Modification of chemical composition of solid wood improves its properties like dimensional stability and resistance to biodegradation. Such modifications constitute attractive alternatives to classical preservation methods based on the utilisation of biocides. Among the numerous methods of chemical modifications described in the literature, only a few of them have led to developments on an industrial scale. Improvement of durability depends on the nature of the modification used. Chemical modifications performed by impregnation of different reactants into the wood structure followed by reaction of these latter ones with or without wood cell wall polymers lead to materials susceptible to be used for hazard class 3 or 4, while chemical modifications resulting from heat treatment are compatible for hazard class 2 and 3. Even if such modified woods represent only a small part of wood used currently, their utilisation becomes more and more important and will probably continue to increase in the following years. During the past decade, wood heat treatment has been successfully developed, leading to commercialisation of heat-treated products in several European countries. The development of chemically modified wood based on impregnation of chemical was more hesitant, even if some industrial production started a few years ago. It is obvious from the evolution of wood markets during recent years in Europe that utilisation of biocide-treated wood is becoming more limited due to environmental concerns. Chemically or thermally modified wood constitutes valuable alternatives to conventional preservation methods for different applications and is going to become more important. Thermally modified woods present interesting properties for applications in class use 3 corresponding to situation in which the wood is above ground exposed to weathering, while chemically modified wood, like furfurylated or acetylated woods, present performance allowing their use up to class use 4 corresponding to situation in which the wood is in direct contact with ground or fresh water.

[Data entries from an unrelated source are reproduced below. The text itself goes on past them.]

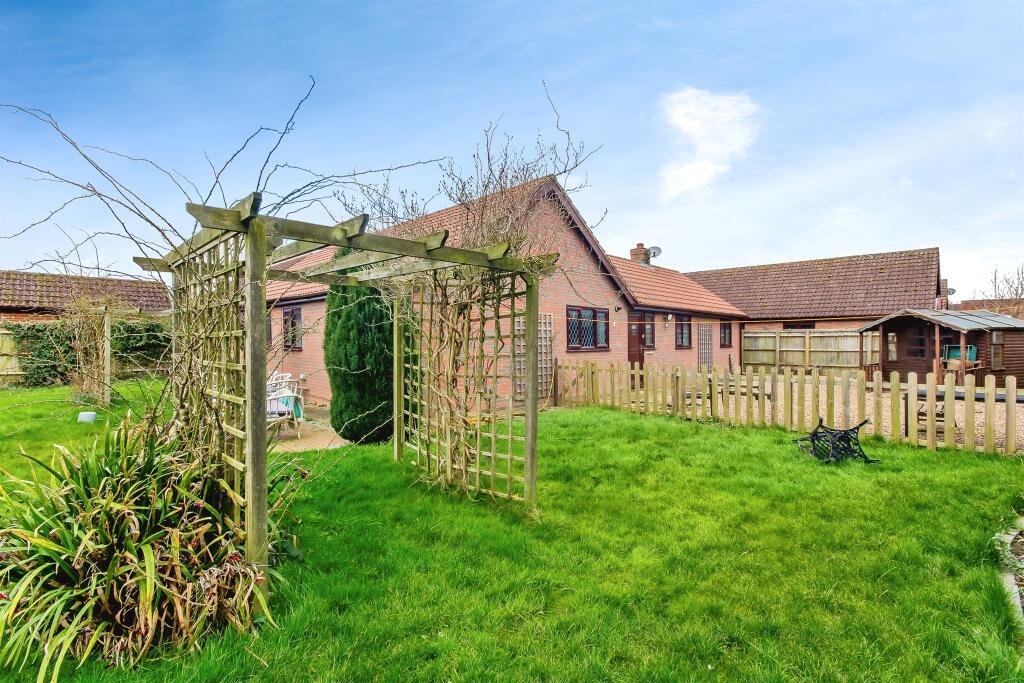 The property is a 3 bedroom detached bungalow situated in Grange Meadows, Sibsey, Boston, Lincolnshire. The property is listed at £270,000 and has 1350 sqft of living space. The average price for properties in the Sibsey & Stickney area is £272,979 with an average size of 1387 sqft. The average price per sqft is £196. Given the property’s size and location, the list price appears reasonable, although further analysis of the property’s condition is needed to determine if it represents good value. The property benefits from being close to The Sibsey Free Primary School (rated ‘Good’ by Ofsted), located just 0.39km away. This is a positive aspect for families. Boston, with its East Midlands Railway connection, is approximately 8.23km away, providing access to wider transportation networks. Based on the provided images, the property appears to be in generally good condition, although some areas could benefit from modernisation. The kitchen has recently been updated with modern teal cabinets and white subway tiles, however, other areas such as the living room show signs of wear and tear. There is evidence of ongoing work or renovations in several rooms. The garden is a good size with a patio area, lawn, and shed. The presence of a garden is a positive feature.
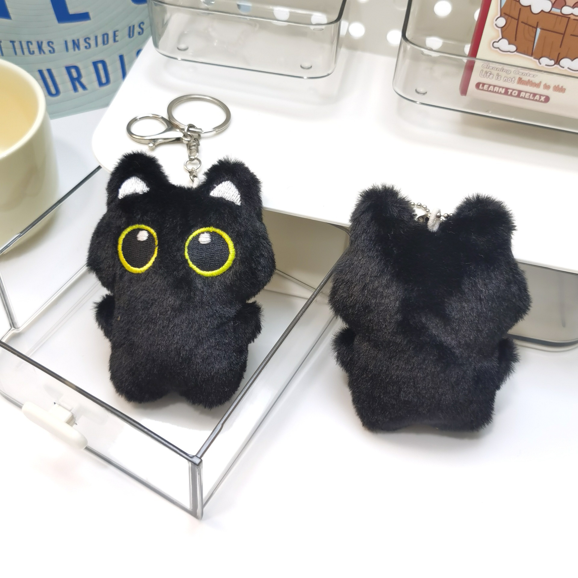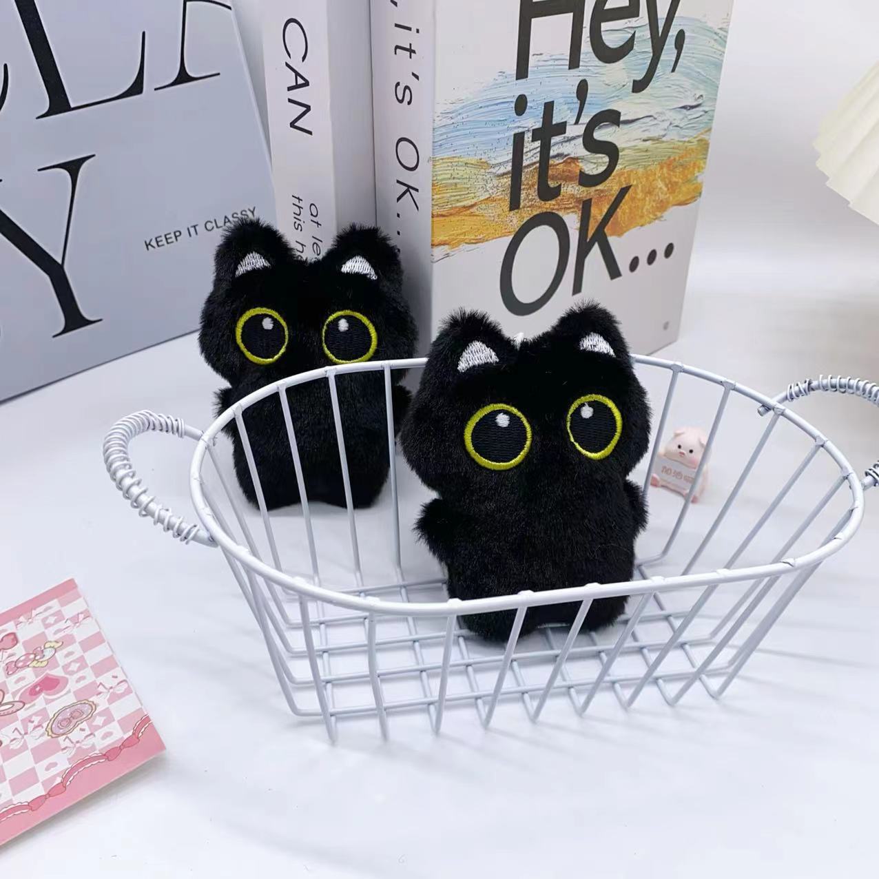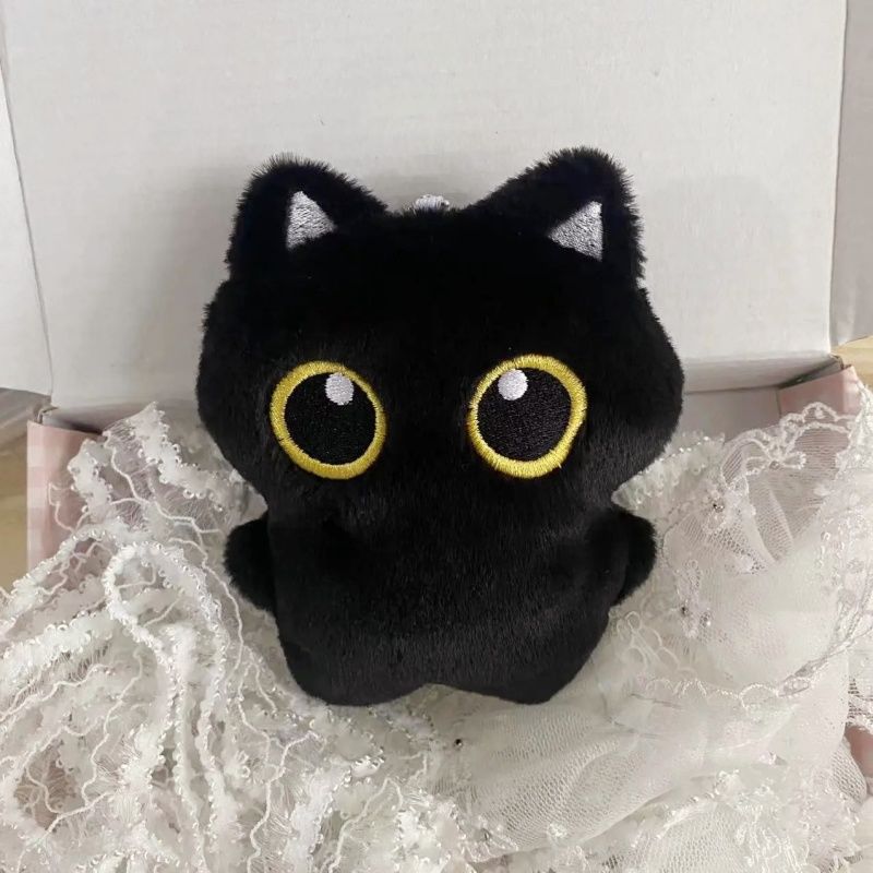 Chaveiro de Gato Preto Fofo, Brinquedo de Pelúcia, Pêndulo para Mochila, Decoração, Presente para Aniversário.
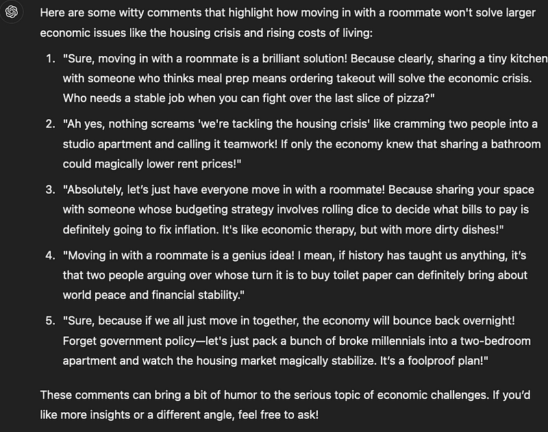 It is important to recognize that the cost of rent has historically risen year over year, and the trend does not appear to stop anytime soon. So are you really suggesting that those struggling to pay their rent should just keep inviting more and more people to squeeze into their already cramped living spaces, all while rent prices keep climbing?

In all cases, the increasing legislative pressure driven by environmental considerations will support the future development of new technologies, which will become more important over the next decades. Such treatments today constitute an environmentally friendly approach to classical wood preservation based on relatively new technologies, especially for chemical modifications, which should be considered in the future as a completely new industrial processes, which can impact our environment and justify full life cycle assessment. However, controlled use of biocides will remain necessary for given applications, where thermally or chemically modified woods are not suitable or for curative treatments.